**TASK REQUIREMENTS**: Take the entries below and print only the lines from the one with "2,300-sheet High Capacity Feeder" through the one with "Figure 3. Sometimes", exactly as they stand, both ends included.

**DATA FOR PROCESSING**:
┌──

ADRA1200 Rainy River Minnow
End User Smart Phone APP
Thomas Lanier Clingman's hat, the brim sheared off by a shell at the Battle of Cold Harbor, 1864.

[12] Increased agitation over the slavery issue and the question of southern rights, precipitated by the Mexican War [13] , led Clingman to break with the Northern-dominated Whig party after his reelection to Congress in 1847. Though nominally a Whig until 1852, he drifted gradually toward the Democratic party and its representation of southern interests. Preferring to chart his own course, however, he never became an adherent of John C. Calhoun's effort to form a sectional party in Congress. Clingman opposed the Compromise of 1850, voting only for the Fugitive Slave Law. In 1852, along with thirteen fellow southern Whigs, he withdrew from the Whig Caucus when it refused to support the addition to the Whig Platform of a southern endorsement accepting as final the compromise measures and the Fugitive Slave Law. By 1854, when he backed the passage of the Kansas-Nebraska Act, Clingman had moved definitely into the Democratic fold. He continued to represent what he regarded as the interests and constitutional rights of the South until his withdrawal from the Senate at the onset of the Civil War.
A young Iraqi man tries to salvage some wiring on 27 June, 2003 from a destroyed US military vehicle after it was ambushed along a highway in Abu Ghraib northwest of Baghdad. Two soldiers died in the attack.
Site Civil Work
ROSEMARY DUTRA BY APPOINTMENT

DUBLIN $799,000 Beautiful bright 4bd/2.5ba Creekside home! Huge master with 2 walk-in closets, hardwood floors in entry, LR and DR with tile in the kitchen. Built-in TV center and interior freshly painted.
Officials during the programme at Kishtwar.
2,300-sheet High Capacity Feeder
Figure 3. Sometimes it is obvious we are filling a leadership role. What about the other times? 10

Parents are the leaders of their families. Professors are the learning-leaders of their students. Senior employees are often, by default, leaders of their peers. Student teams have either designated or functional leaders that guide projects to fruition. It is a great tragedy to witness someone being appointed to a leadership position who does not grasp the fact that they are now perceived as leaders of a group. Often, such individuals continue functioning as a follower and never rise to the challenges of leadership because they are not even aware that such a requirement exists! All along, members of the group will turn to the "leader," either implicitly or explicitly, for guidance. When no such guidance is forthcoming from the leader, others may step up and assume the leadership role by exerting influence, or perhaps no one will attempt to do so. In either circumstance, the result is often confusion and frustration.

└──
┌──

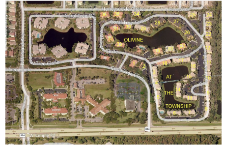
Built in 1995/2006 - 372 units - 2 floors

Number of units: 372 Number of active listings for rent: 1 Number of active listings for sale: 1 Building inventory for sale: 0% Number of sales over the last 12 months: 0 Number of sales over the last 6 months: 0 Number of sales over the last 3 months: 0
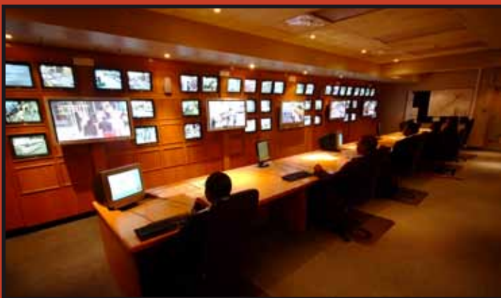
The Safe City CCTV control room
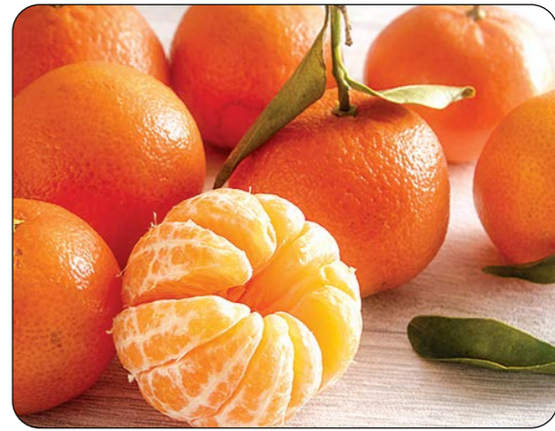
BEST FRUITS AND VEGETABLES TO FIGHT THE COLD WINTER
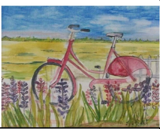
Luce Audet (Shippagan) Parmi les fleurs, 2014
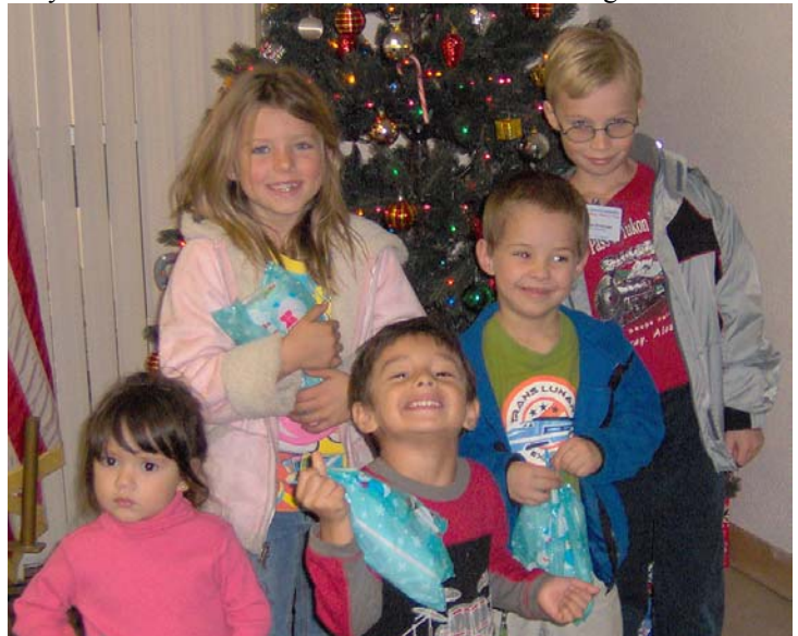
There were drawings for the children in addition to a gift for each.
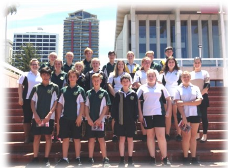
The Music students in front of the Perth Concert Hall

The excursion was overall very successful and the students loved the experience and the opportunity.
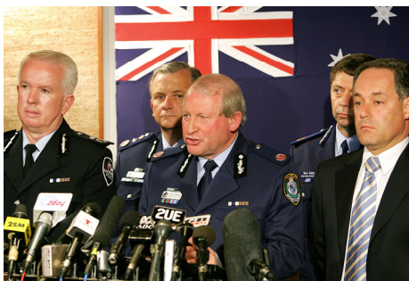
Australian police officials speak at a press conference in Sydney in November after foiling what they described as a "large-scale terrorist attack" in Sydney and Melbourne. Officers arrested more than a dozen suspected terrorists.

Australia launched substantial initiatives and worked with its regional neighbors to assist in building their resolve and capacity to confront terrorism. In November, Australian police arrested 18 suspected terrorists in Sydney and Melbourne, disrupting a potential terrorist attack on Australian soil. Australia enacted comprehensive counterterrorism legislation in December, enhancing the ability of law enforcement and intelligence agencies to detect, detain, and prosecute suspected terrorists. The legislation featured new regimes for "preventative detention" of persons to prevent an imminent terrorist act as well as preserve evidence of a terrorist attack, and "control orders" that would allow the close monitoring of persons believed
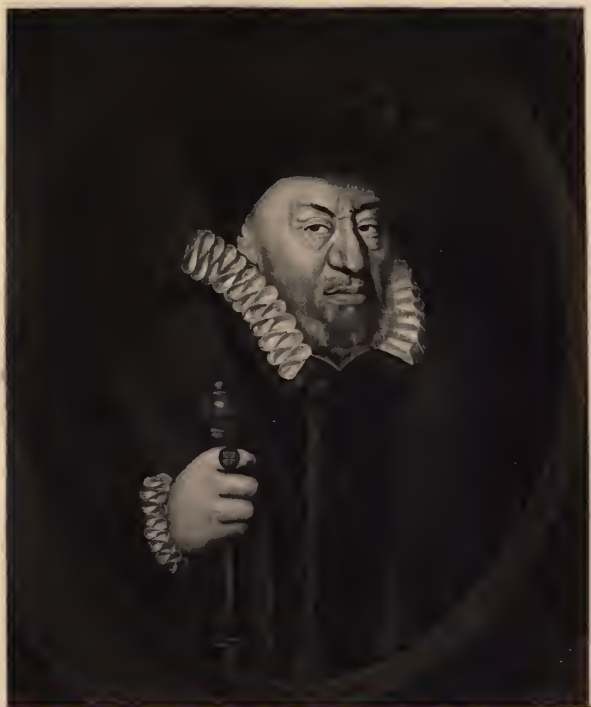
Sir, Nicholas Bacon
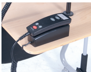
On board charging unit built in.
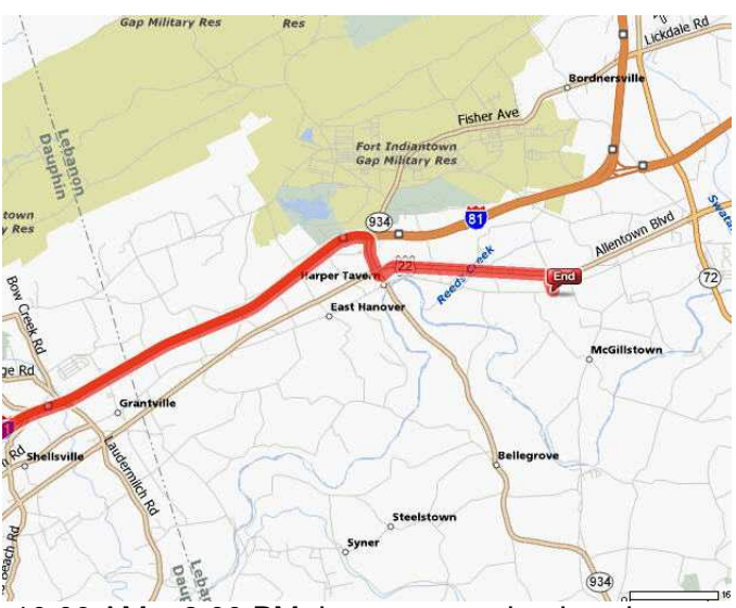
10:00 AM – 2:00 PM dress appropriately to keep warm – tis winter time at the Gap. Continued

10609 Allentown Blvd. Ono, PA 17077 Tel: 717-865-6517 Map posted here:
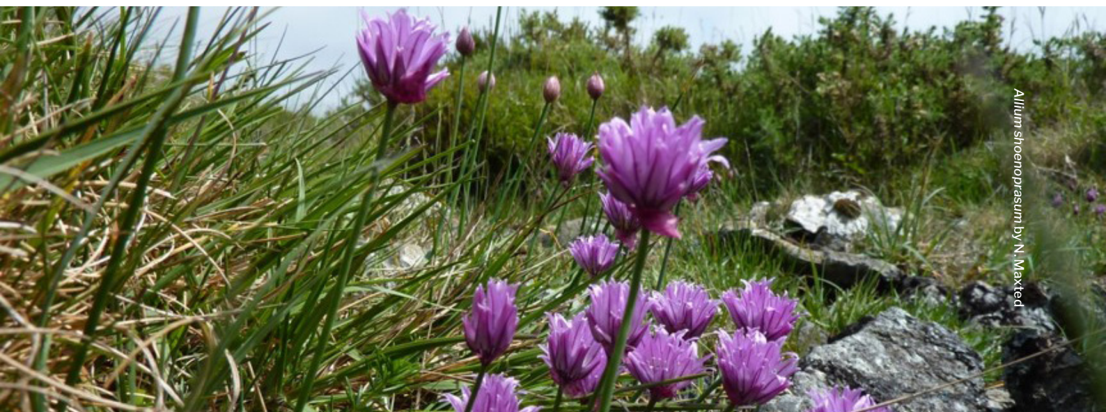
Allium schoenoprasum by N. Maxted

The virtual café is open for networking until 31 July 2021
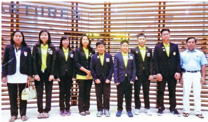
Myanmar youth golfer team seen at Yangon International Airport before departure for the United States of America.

└──

**TASK ANSWER**:
2,300-sheet High Capacity Feeder
Figure 3. Sometimes it is obvious we are filling a leadership role. What about the other times? 10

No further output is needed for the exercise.